Deep greens and burnt mustard yellows are the base of the color theme.

There’s a pink here and a coral there in the form of blankets and I smile because I managed to bring those exact blankets through the cabinet.

I tuck my magazine under my arm and go to sit on the couch.

I spread the blankets over my legs and flip on the lamp beside me.Then I settle in and sip my whiskey while I look over my magazine for more ideas on how to make this cottage mine.

Outside I can hear the wind blowing, the tap of limbs against the roof, the creak of the porch settling, all of it calms me.

I’m almost done with my whiskey when I hear a thump. It’s slight, just the sound of a footfall really on the porch. I get up and go to the window, whiskey in hand and that’s when I see the big wolf sitting outside.

Thorne.

He’s at the edge of my porch, snout up sniffing the wind.

Wind blows through his coat and I want to go to him.

Pull one of my new thick blankets off the couch and wrap it around him but I don’t.

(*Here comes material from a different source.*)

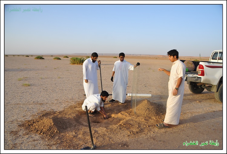بسم الله الرحمن الرحيم السلام عليكم ورحمة الله وبركاتة عَنْ أَنَسَ بْنَ مَالِكٍ قَالَ: قَالَ رَسُولُ اللهِ صَلَّى اللهُ عَلَيْهِ وَسَلَّمَ: " إِنْ قَامَتِ السَّاعَةُ وَبِيَدِ أَحَدِكُمْ فَسِيلَةٌ، فَإِنْ اسْتَطَاعَ أَنْ لَا يَقُومَ حَتَّى يَغْرِسَهَا فَلْيَفْعَلْ " (مسند أحمد) بداية الحملة في 1 / 1 / 1438هـ مع دخول الوسم قام شباب تمير بزراعة أشجار الطلح في براري ومنتزهات تمير لزيادة الأشجار ومكافحة التصحر وللحفاظ على جمال البيئة ونشر الوعي البيئي وحب الطبيعة للغير بدعم مادي مفتوح للسنة الثانية من رجل الأعمال المحب للبيئة / محمد بن عبدالعزيز الحسين وبدعم بأشجار الطلح من الأستاذ / مشرف السلمي صاحب مدونة ابو سامي للطقس والبيئة فجزاهم الله كل خير ولهم منا كل الشكر والتقدير والأمتنان . كما أشكر كل من : الأستاذ / ريس بن علي البرغش . والأستاذ / إبراهيم بن سعود السلطان على ما قدموة لنا من دعم وتشجيع لنا في هذه الحملة المباركة باذن الله فجزاهم الله كل خير . وأشكر الأستاذ / خالد بن حمد الجميل على تبرعة لنا بجهاز حفر لتسهيل وكسب الوقت في زراعة الأشجار فجزاة الله عنا كل خير ووقفة في دنياة وأخرتة . وكل الشكر للأستاذ / حمد بن علي الصبيح على تبرعة لأقامة المناسبة بالأستراحة للرابطة للسنة الثانية فجزاة الله كل خير . كما نشكر الأستاذ / حمد بن عثمان البرغش على تصميم شعار الرابطة وعلى ما يقدمة من لنا من الدعم المعنوي للفريق وكل الشكر والتقدير للمشاركين في هذه الحملة وجزاهم الله كل خير وهم كل من : حملة التشجير جائت على شكل كشتة وسعة صدر وضحك ووناسة وكل يوم عصر نزرع 3 الى 4 شتلات حسب الوقت بسم الله وعلى بركة الله يتم حفر حفرتين وحدة للشجرة والاخرى للماصورة البلاستك 4 بوصة المثقوبة من الاسفل لري الشجرة وحوض واسع بعمق 10 سم وعرض متر تقريباً تركيب الشبك لحماية الشجره الشكل النهائي للشجرة بعد نهاية العمل بيالة شاهي تعدل الراس ونتكلم عن أفكار ونتجنب الاخطاء في المرات القادمة ويبداء يوم جديد يملأة الحماس لزراعة الأشجار بنفس الطريقه السابقة وفي موقع أخر وكل يوم في مكان اخر لزراعة أشجار الطلح في براري ومنتزهات تمير يوم جديد ومكان جديد وانضمام شباب جدد كل يوم وللصغار مشاركة معنا البسملة اثناء غرس الاشجار وفي كل بداية تركيب الماسورة البلاستك لري الشجرة من الأسفل العمل بروح واحدة تجهيز الشاهي فيما ينتهون الشباب من باقي الاشجار صورة جماعية وجلسة شرب الشاهي ومن يوم الى يوم ومن مكان الى أخر يزراد حماس الشباب لزراعة الاشجار زراعة الشجرة الاخرى في نفس الموقع يوم يتلوة يوم يزداد التوسع في المنطقة لزراعة الاشجار البرية في المنتزهات ضحك ووناسة وعمل بروح عالية الله يطرح فيها البركة الجلسة النهائية للشباب بعد نهاية العمل ولتحديد موقع أخر في الغد لزراعة أشجار فيه وفي موقع اخر من المواقع التي انقطعت فيها الاشجار نزرعها ونحيها باذن الله مادام عملنا لوجهه الله العمل على جهاز الحفر المقدم من الأستاذ / خالد الجميل لشباب تمير وتجربتة في هذه الحملة فقد وفر لنا الوقت والجهد فجزاة الله كل خير أجتماع فريق التشجير التطوعي بتمير وتحويل الفريق الى رابطة تمير الخضراء ونتمنى من الله التوفيق لنا في أعمال الخير صورة جماعية لأعضاء الرابطة قص الترتة بأعلان الرابطة أجتماع بعض أعضاء الرابطة مع رئيس بلدية تمير الأستاذ / محمد بن سعود السلطان وتم تكريم أعضاء الرابطة ومناقشة بعض الأمور التي تهتم بالمنتزهات البرية والمتنزهين مونتاج لزراعة الاشجار في براري ومنتزهات تمير .................................................. ........ ذكر لنا انه يوجد مادة أسمها ( البوليمر ) تساعد على تخفيض أستهلاك الماء ومضاعفة الانتاج وتستوعب ضعف حجمها من الماء بما يقارب 400 الى 600 وتعمل تحت التربة لمدة 8 الى 10 سنوات وجربناها وفي انتظار النتائج وهذا مقطع من مونتاجنا لها .................................................. ......... فديو : شباب تمير يقومون بتركيب شبوك على الاشجار التى كبرت وضاق عليها الشب

He’s not mine. If he was…if he was, then I could take the blanket to him, but he’s not.

Thorne turns and looks over his shoulder right at me.

I jerk back from the window but the damage is done. He’s already seen me. Still, I let the curtain fall back into place and go back to the couch. I set my empty glass down on the floor and crawl back under the blankets there.

Thorne’s outside. Why is he outside?

Was it him that was outside of my door in the Keep?

I turn over the thoughts once, twice, but not nearly three times before sleep pulls me under.